Why are Backups & Security Important..??

Why are Backups & Security Important ??

I have been asked this question a few times these past few months, and thought I’ll write a Blog post on it today – as to why is it necessary to take regular back-ups of your site – and also, why is it necessary to monitor your Security almost daily…

Let’s look at everything around Security First…

 

Security Checks for WordPress Site

What is Security Checks

Most people running a WordPress  website – have noticed already, that Hackers love to try and attack WordPress sites…

Many just do it for fun, just to get in, and leave a mark somewhere on your site that says “so and so was here”, and/or just to cause a lot of frustration for you by bringing your website down – and make the servers crash…etc..

BUT: There are Many more that want to come in for all sorts of Malicious reasons as well.
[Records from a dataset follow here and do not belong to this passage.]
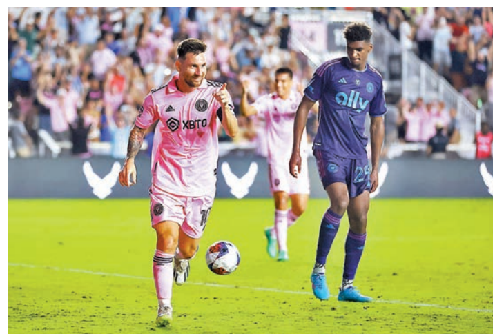
◆美斯(左)完場前取得入球。

另一方面，在今夏積極招買買馬的沙特阿拉伯聯賽，亦於香港時間周六凌晨開鑼，結果有車路士門將艾杜亞文迪、利物浦前鋒羅拔圖法明奴、曼城翼鋒馬列斯、紐卡素翼鋒辛特麥斯明、巴塞隆納中場卡斯及羅馬中堅伊賓尼斯加盟的吉達艾阿里，以3:1擊敗艾哈森；吉達艾阿里的所有入球均由法明奴包辦，成功上演「帽子戲法」。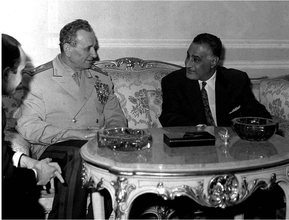
عبد الناصر يستقبل أندريه جريتشكو وزير الدفاع السوفيتي ١٩٤٨/٤/١

ونرجو أن نعرف السيد الرئيس، هل ترون من الممكن تقديم تنبيه مماثل من جانبكم الى حكومة بريطانيا؟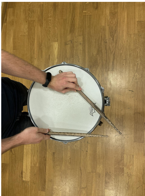
Slika 23. Palica o rub bubnja.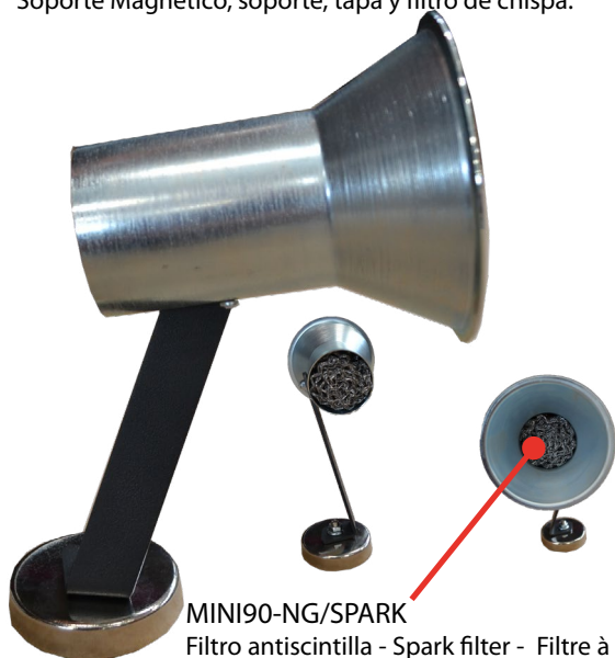
MINI90-NG/SPARK Filtro antiscintilla - Spark filter - Filtre à étin- celles - Funkenfilter - Filtro de chispas

Supporto magnetico, staffa, cappetta e filtro antiscintilla - Magnetic support, bracket, cap and spark filter - Support magnetique, support, capuchon et filtre à étin- celles - Magnet Halterung, Halterung, Kappe und Funkenfilter - Soporte Magnético, soporte, tapa y filtro de chispa.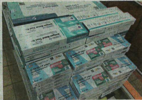
Bekalan kit ujian sendiri Covid-19 jenis calitan air liur di farmasi didapati terhad sejak Tahun Baharu Cina.

Ahli farmasi lain, Yee Wei Pheng turut menghadapi masalah kekurangan stok kit ujian sendiri Covid-19 tersebut sejak kebelakangan ini.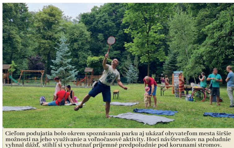
Cieľom podujatia bolo okrem spoznávania parku aj ukázať obyvateľom mesta širšie možnosti na jeho využívanie a voľnočasové aktivity. Hoci návštevníkov na poludnie vyhnal dážď, stihli si vychutnať príjemné predpoludnie pod korunami stromov.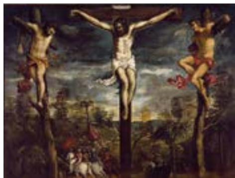
Якопо Тинторетто Распятие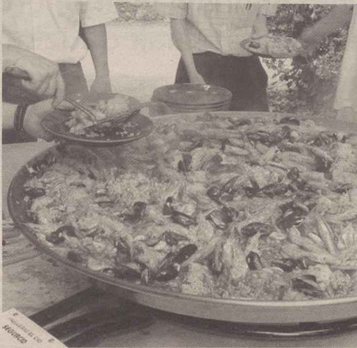
Plazan egingo duten paella jaietako zapatuan banatuko dute.

Bazkalosterako ere prestatua dute ekitaldirik. Herriko koardilen arteko jokoak izango dira plazan bertan, eta herritarrak bazkarian eta jokoetan parte hartzera animatu nahi dituzte.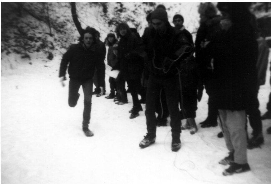
Miky v cílové rovince...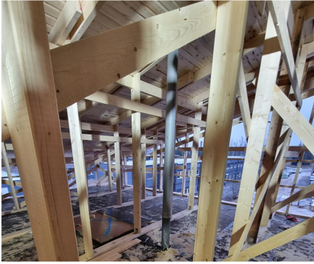
Kuva 1. Liikuntahallin yläpohjassa asennettu tuuletusviemäreitä.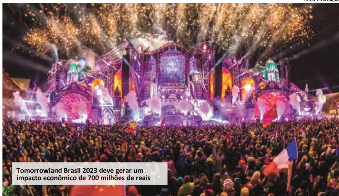
Tomorrowland Brasil 2023 deve gerar um impacto econômico de 700 milhões de reais

A segurança dos participantes também está garantida, segundo os organizadores. O Centro de Controle do Evento terá representantes de diversas áreas como a segurança, a mobilidade,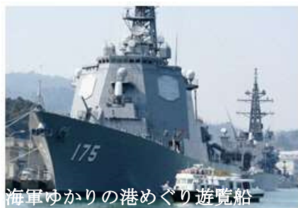
海軍ゆかりの港めぐり遊覧船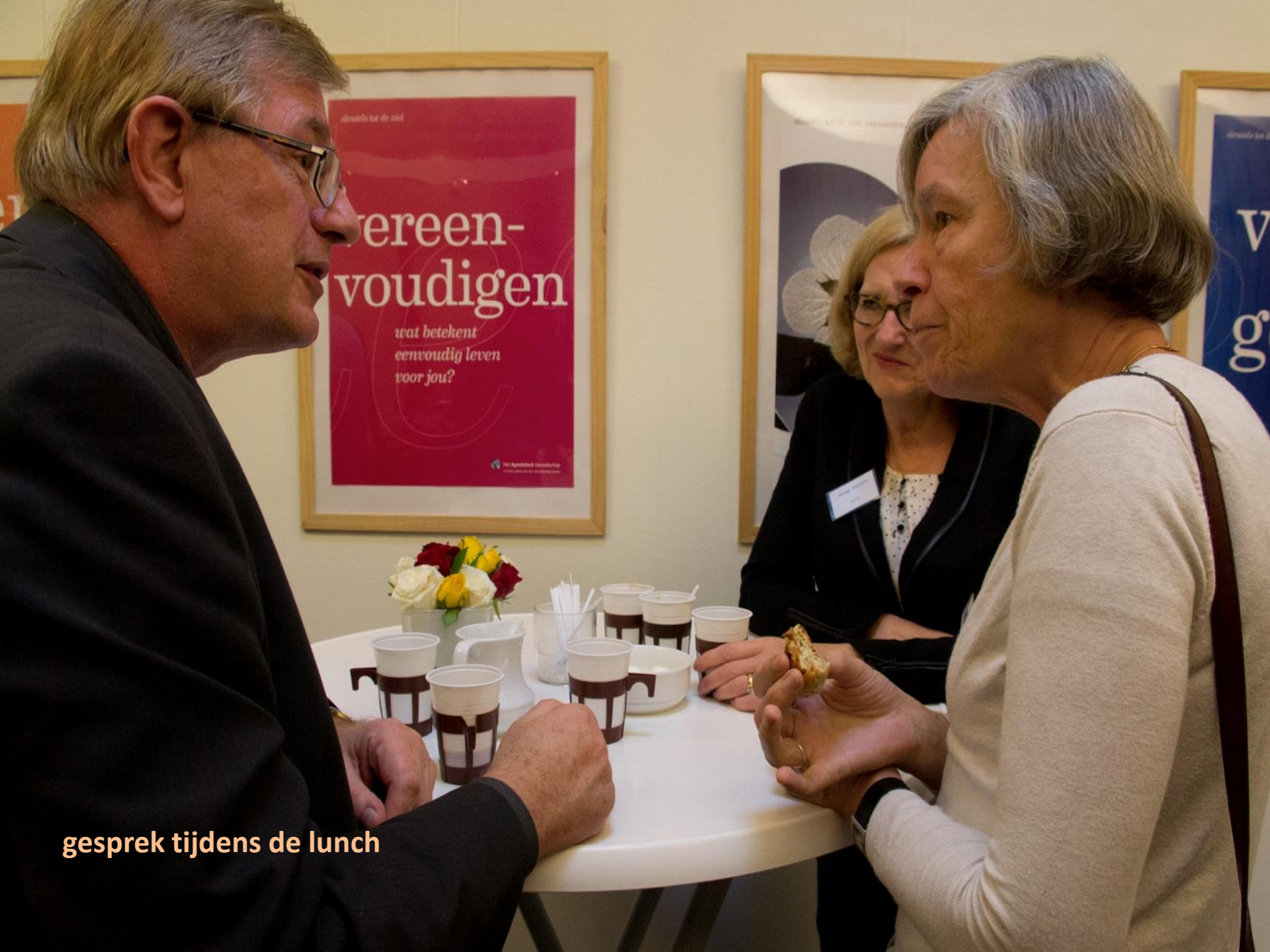
gesprek tijdens de lunch

The biggest being to try and steal your data, for malicious intent, and to blackmail your users / clients for whatever reason.  And if they can copy / steal your identity or your credit card details, etc, even better..!!!  Or they will “plant” malicious code on your server – that can have all kinds of Viruses etc – which can cause Pop-Ups on a client’s screen with any kind of message – to entice people to go to another link / site to enter their details, and in so doing “steal” their identity and use it for their own benefits whatever they may deem “appropriate” to them..
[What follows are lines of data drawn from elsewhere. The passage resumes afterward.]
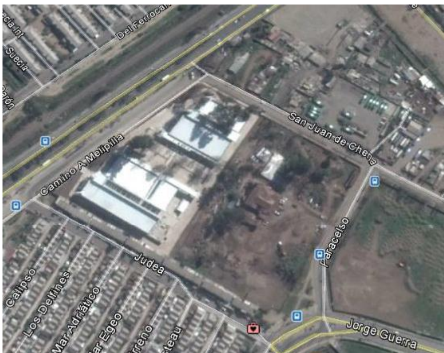
La Casona Valdés, año 2017 luego de la intervención de Grupo Villa.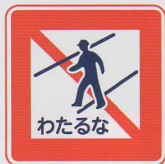
ほこうしゃおうだんきんし 歩行者横断禁止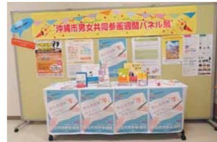
▲ 沖縄市男女共同参画センター 6/24～7/12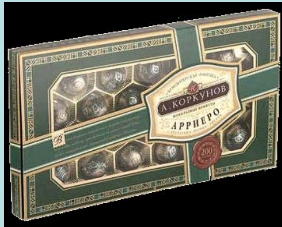
a box of chocolates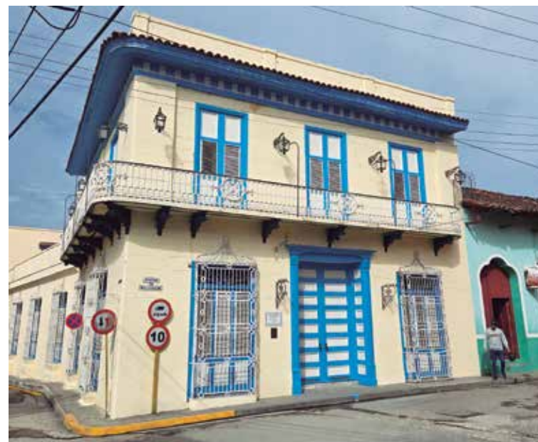
El Museo de Arte Colonial de Sancti Spíritus forma parte de la historia de esta mujer.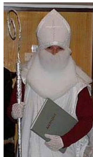
Pan ředitel při Mikulášské nadílce jde pochválit žáky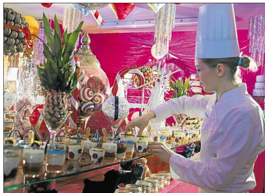
Be bunas chausas er sin il buffet da dessert en l'Hotel Palace a San Murezzan.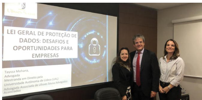
REUNIÃO DA SECCIONAL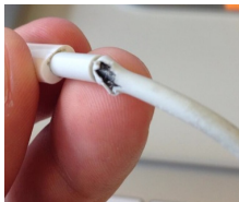
Un corte o rotura obvia en la cobertura plástica

Las multas por TODOS los cables / cargadores dañados serán calculados a la Entrega.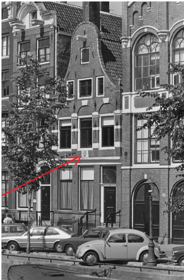
Keizersgracht 102 (ged.) - 108 v.r.n.l., voorgevels

NB Bij de rode pijl de betreffende hoedengevelsteen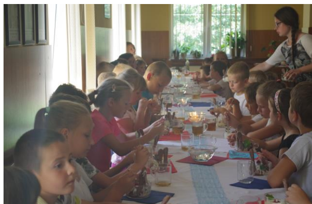
Zajęcia kulinarne – kuchnia włoska.

Each one attacking your site has their own agenda – and no use saying or thinking “aaag, my site has nothing to offer – if anyone wants to hack it, they’re not going to find anything“….  Thinking/saying that is being ignorant of the potential harm that a hacker can and wants to do.  They aren’t looking at what you see – they are looking at “what is in it for me – what can I get out of your site…”, and believe me, they can get all kinds of benefits out of your website that you never even thought was possible…!!!

And WordPress sites – are very “easy targets” – if not maintained properly…!!!!

There are so many “easy routes” to get into your system – if your security isn’t monitored daily, and every Plugin and Theme properly tested and kept up to date with the latest releases, and all file permissions setup properly on the server, and/or you’ve just renamed one of the WordPress security files as a .old or a .keep and the security on those files aren’t handled the same as the actual WordPress files itself, then there are “very easy” ways to get in to a WordPress Site…!!!   We can so easily make a mistake – or just forget to delete something once we are done with it – and think “l’ll just keep it for a bit before deleteting it”, and then someone comes along and pick out that very thing we “left for later”…

And thus, especially when you have a website that is looking for internet traffic, and want to make good sales with your website and want people to subscribe to your services –  are an open target for hackers to try anything and everything they know, to come in with all kinds of ideas and intentions etc…!!!

BUT: Don’t think it is just the big sites and the big brands they attack – they will try anything and anyone – even if it is just for the thrill of getting in – and letting others know what they did to get into your site…  And before you know it – everyone is targeting your site…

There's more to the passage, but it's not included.